Extensibility and Customization
Enable platform adoption through extensibility. Implement plugin architectures or SDKs. Prioritize the use of shared components, prefer making things generically vs. single use-case.
Avoid Black Box and Knowledge Gaps
Ensure developers all have the necessary context and promote active sharing and collaboration. The more context they have, including the more visibility on what others are doing, the more productive all can be.
Eliminate Noise
One of the most annoying things for any developer is context switching or being interrupted with something potentially irrelevant or a generic status question. Look for tools that simplify focus, cluster similar items, and prioritize correctly. Look for a tool that automates status updates and notifications downstream. (hint: DevRev)
Tip: Encourage documentation and knowledge sharing to foster innovation.
Our considerations:
- developer time is expensive automate wherever possible and let them focus
- prioritize objectively based on customer demand and impact
- focus on shared components and reuse
- build the platform we want, and love, to use (aka DevRev)
User and Operational Security
Comprehensive Access Control
Implement access control for refined access, providing full visibility of actions and audit control.
Identity Provider (IdP)
Use a cloud-based IdP like Okta, Auth0, Google, etc. Ensure all authentication is centrally controlled and all app access flows through this choke point. This ensures immediate removal of access in the case of malicious activity.
Data Segregation
Use encryption and secure multi-tenancy architectures.
Harden the User
Teach and enable employees to practice safe standards, follow best practices and embrace and a paranoid mindset when it comes to security and privacy issues.
Advice: Regularly update security practices to adapt to new threats.
Our considerations:
- Use Okta for SSO/Auth, ditch AD (FSMO roles is a dirty word in the new age)
- Create structured groups and access roles in apps and map to IdP groups
- build multi-tenancy into the object model
- leverage mTLS between services
- define everything via IaC and enforce reviews/approvals/compliance
- start compliance regulation early (e.g., SOC2)

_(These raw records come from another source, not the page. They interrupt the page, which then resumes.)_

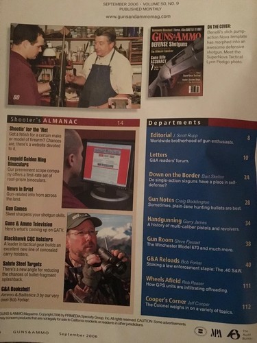 Guns Ammo Sept 2006, Defense Shotguns, Game Rifle Accuracy, Britains Brunswick muzzleloading Rifle, Colt trooper, Fox ridge outfitters encore,Reloading and Load data for the .40 S W and more. Please note magazine is in good condition, the cover has separated from binder, all other pages fully intact. 114 pages
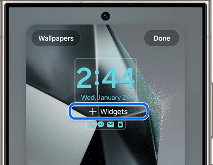 - روی صفحه قفل گوشی خود یا همان Lock Screen ضربه زده و نگه داشته باشید تا آیکونهای بالای صفحه فعال شوند.
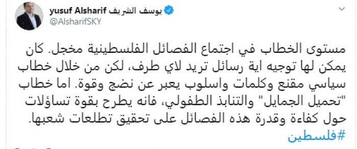 وكتب في تغريدة عبر "تويتر" رصدها "المشهد العربي": "مستوى الخطاب في اجتماع الفصائل الفلسطينية مخجل. كان يمكن لها توجيه أية رسائل تريد لأي طرف، لكن من خلال خطاب سياسي مقنع وكلمات وأسلوب يعبر عن نضج وقوة".
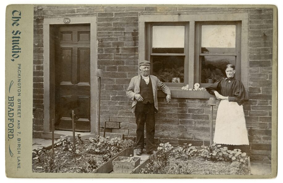 In a front garden on Manchester Road, Bradford, a man and woman pose by two raised beds and a window lined with ferns. This photograph was taken by E. Cole Keighley in about 1900.
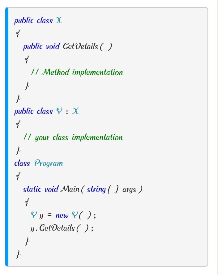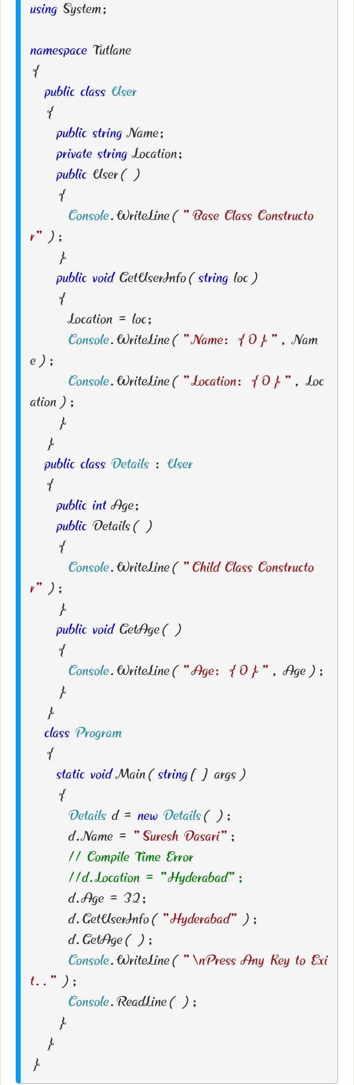 Following is the example of implementing multi-level inheritance in c# programming language.
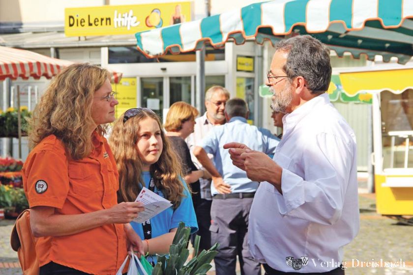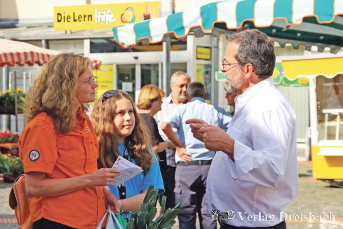 Marga Schmitt-Reinhart und Winfried Pohl sprachen die Hattersheimer Bürger direkt und persönlich auf dem Hattersheimer Wochenmarkt an und boten ihnen die offizielle Einladung der Stadt Hattersheim zu den Bürgerwerkstätten am Dienstag, 14. August, und Dienstag, 28. August, zum Mitnehmen an. Nur wenige Passanten schüttelten den Kopf und gingen einfach weiter, die meisten blieben stehen und zeigten sich interessiert, oft entwickelten sich längere Gespräche.
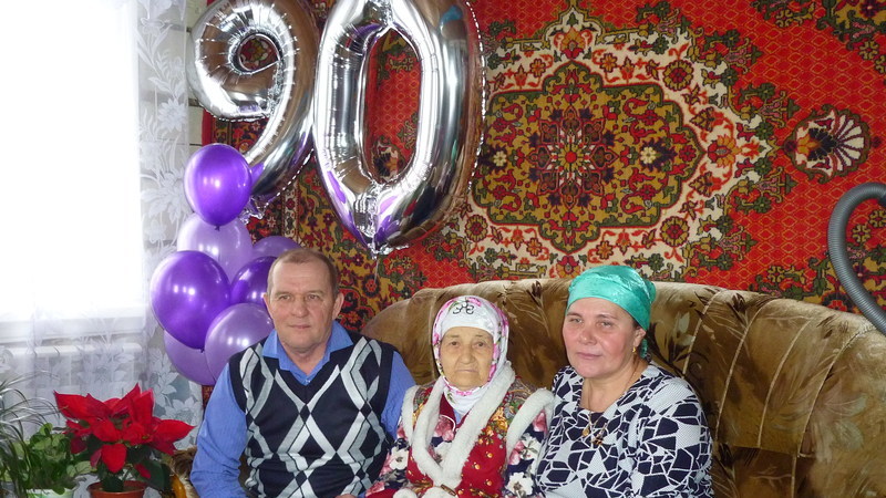 Авыл җирлеге башлыгы В. П. Григорьев шулай ук юбилярны котлады һәм аңа зур сәламәтлек теләде һәм чәчәк бәйләме тапшырды.

- protect the user from themselves
Performance and User Experience
Edge Computing and Caching
Use CDNs and edge solutions for performance and scale. Try to push as much as possible out to the edge.
Client-Side Technologies
Evaluate the benefits of offloading work to the client side.

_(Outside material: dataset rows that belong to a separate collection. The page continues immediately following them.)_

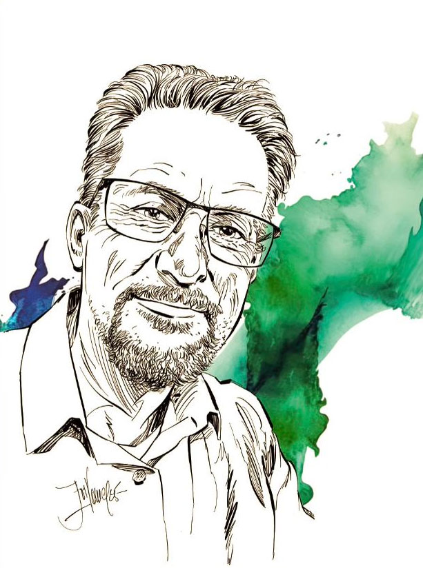 Jos Vanspauwen was born in 1954 in Genk and attended the Academy of Fine Arts in Hasselt. He ranks Marc Sleen, Willy Vandersteen, Jef Nys, Hergé, Franz and Yves Swolfs among his artistic influences. His first professional work was drawing the comic 'Het Web van Hij', scripted by Noël Slangen, the well-known communication advisor and spin doctor for various Flemish politicians. The project was however never finished. In 1984, he made the illustrations of 'De Terugkeer van Jezus Christus', a religious comic written by Paul Ramaekers for the evangelical publisher Het Goede Boek.
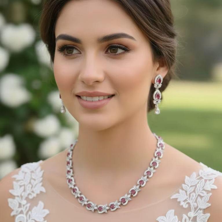 Hot Sale Rose Elegance Ruby Pendant Necklace with Matching Earrings Set for Ladies Special Occasions for Worldwide Supply
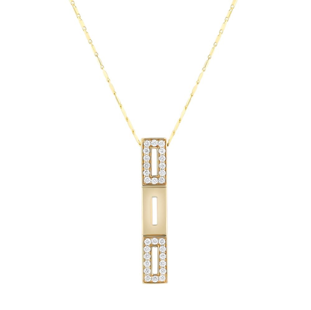 14K yellow gold geometric pendant set with 0.33 carat round brilliant diamonds in rectangles design. Chain sold separately.
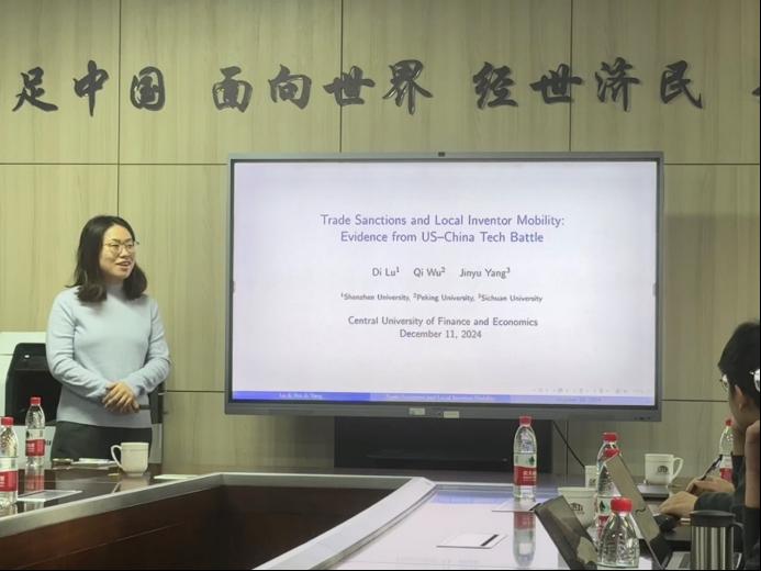 2024年12月11日下午,中央财经大学庆祝建校75周年系列学术讲座第137期在沙河校区学院11号楼308会议室顺利举行。北京大学光华管理学院应用经济学系助理教授吴祁应邀为师生主讲“Trade Sanctions and Local Inventor Mobility: Evidence from US-China Tech Battle”专题讲座。讲座由经济学院院长郭冬梅教授主持,多位教师及40余名学生参加。
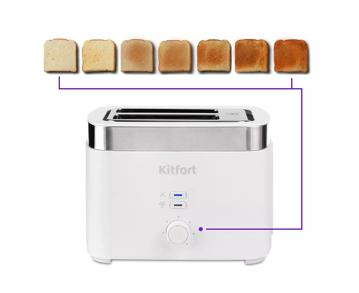 Электрический тостер Kitfort КТ-4025 создан для тех, кто любит полакомиться ароматным и хрустящим поджаренным хлебом. Особый вкус и цвет корочки тостов получаются благодаря карамелизации сахара, содержащегося в муке, при нагреве в процессе приготовления.
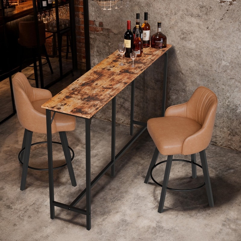 63-Inch Large Home Bar Table with Footrest, Rustic Brown
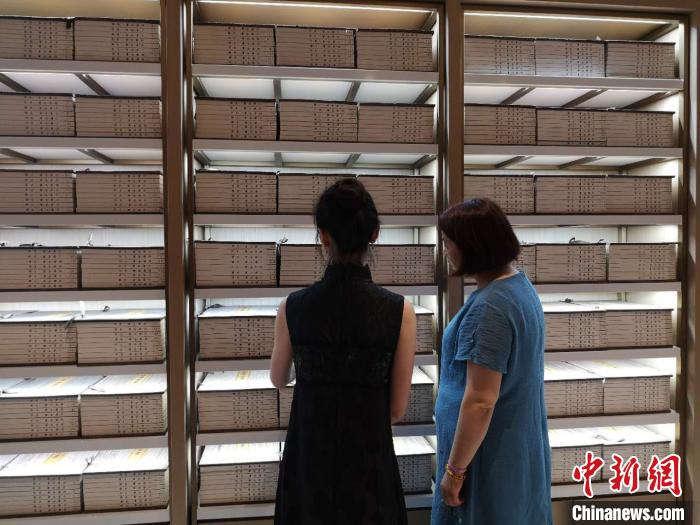 讀者站在書(shū)架前仔細(xì)觀摩線裝《四庫(kù)全書(shū)》?!⊥τ辍z
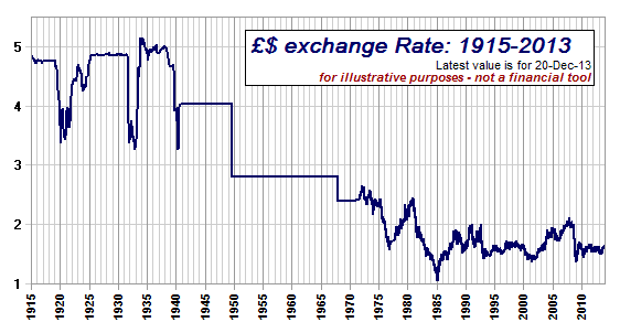 然而,1英镑兑4.03美元的汇率仍然被证明是英国政客们高估了战后经济的承受能力。1949年9月18日,英镑对美元骤贬30.5%至2.8美元。即便如此,英国还是未能改变接下来18年中,持续遭遇平衡国际收支问题和货币危机的命运:1967年11月18日英镑贬值14.3%,对美元汇率降至2.4,英镑含金量也降为2.13281克。

Insight: Continuously optimize user experience through monitoring and feedback.
- Leverage client-side computation via WASM and DuckDB
- Use CDN POPs to scale delivery network vs. build
- Push as much logic as possible to the edge (client or CDN)
Additional Considerations for AI Integration:
AI Readiness
Ensure data infrastructure can support AI and ML workloads with scalable storage and compute resources. How can your infrastructure adapt to the dynamic needs of AI/ML models?
Data Quality and Availability
High-quality, accessible data is crucial for training effective AI models. What strategies will ensure data quality and accessibility for AI applications?
Ethical and Responsible AI
Incorporate ethical considerations and transparency in AI applications to build trust. How will you address potential biases and ethical concerns in AI models?
AI Governance
Implement governance frameworks for AI usage, model validation, and continuous learning. What processes are in place for model governance, validation, and lifecycle management?
Embrace a mindset of continuous learning and improvement, be open to revisiting decisions as technologies and requirements evolve, and remain focused on delivering value. Incorporating AI into your architecture requires thoughtful preparation in data management, ethical considerations, and system flexibility to harness AI’s full potential responsibly.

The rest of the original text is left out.